All the children chimed in, now, with one general Babel of information about deceased—nobody offering to read the riot act or seeming to discountenance the insurrection or disapprove of it in any way—but the head twin drowned all the turmoil and held his own against the field:
"It's our clock, now—and it's got wheels inside of it, and a thing that flutters every time she strikes—don't it, father! Great-grandmother died before hardly any of us was born—she was an Old-School Baptist and had warts all over her—you ask father if she didn't. She had an uncle once that was bald-headed and used to have fits; he wasn't our uncle, I don't know what he was to us—some kin or another I reckon—father's seen him a thousand times—hain't you, father! We used to have a calf that et apples and just chawed up dishrags like nothing, and if you stay here you'll see lots of funerals—won't he, Sis! Did you ever see a house afire? I have! Once me and Jim Terry——"
But Sellers began to speak now, and the storm ceased. He began to tell about an enormous speculation he was thinking of embarking some capital in—a speculation which some London bankers had been over to consult with him about—and soon he was building glittering pyramids of coin, and Washington was presently growing opulent under the magic of his eloquence. But at the same time Washington was not able to ignore the cold entirely.

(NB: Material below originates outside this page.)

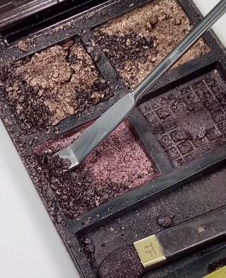 而彩妆修复中另一种常见项目则是对产品包装进行重新改装。比如,将几种颜色较为心仪的眼影从原装挖出一部分,再填装进新的包装重新进行组合。或是将一个空的彩妆盘自行填补上不同的产品。更有甚者,会积攒多个口红或粉底小样再制成正装的样子。

He was nearly as close to the stove as he could get, and yet he could not persuade himself that he felt the slightest heat, notwithstanding the isinglass' door was still gently and serenely glowing. He tried to get a trifle closer to the stove, and the consequence was, he tripped the supporting poker and the stove-door tumbled to the floor. And then there was a revelation—there was nothing in the stove but a lighted tallow-candle! The poor youth blushed and felt as if he must die with shame. But the Colonel was only disconcerted for a moment—he straightway found his voice again:
"A little idea of my own, Washington—one of the greatest things in the world! You must write and tell your father about it—don't forget that, now. I have been reading up some European Scientific reports—friend of mine, Count Fugier, sent them to me—sends me all sorts of things from Paris—he thinks the world of me, Fugier does. Well, I saw that the Academy of France had been testing the properties of heat, and they came to the conclusion that it was a nonconductor or something like that, and of course its influence must necessarily be deadly in nervous organizations with excitable temperaments, especially where there is any tendency toward rheumatic affections. Bless you I saw in a moment what was the matter with us, and says I, out goes your fires!—no more slow torture and certain death for me, sir. What you want is the appearance of heat, not the heat itself—that's the idea. Well how to do it was the next thing. I just put my head to work, pegged away a couple of days, and here you are! Rheumatism? Why a man can't any more start a case of rheumatism in this house than he can shake an opinion out of a mummy! Stove with a candle in it and a transparent door—that's it—it has been the salvation of this family. Don't you fail to write your father about it, Washington. And tell him the idea is mine—I'm no more conceited than most people, I reckon, but you know it is human nature for a man to want credit for a thing like that."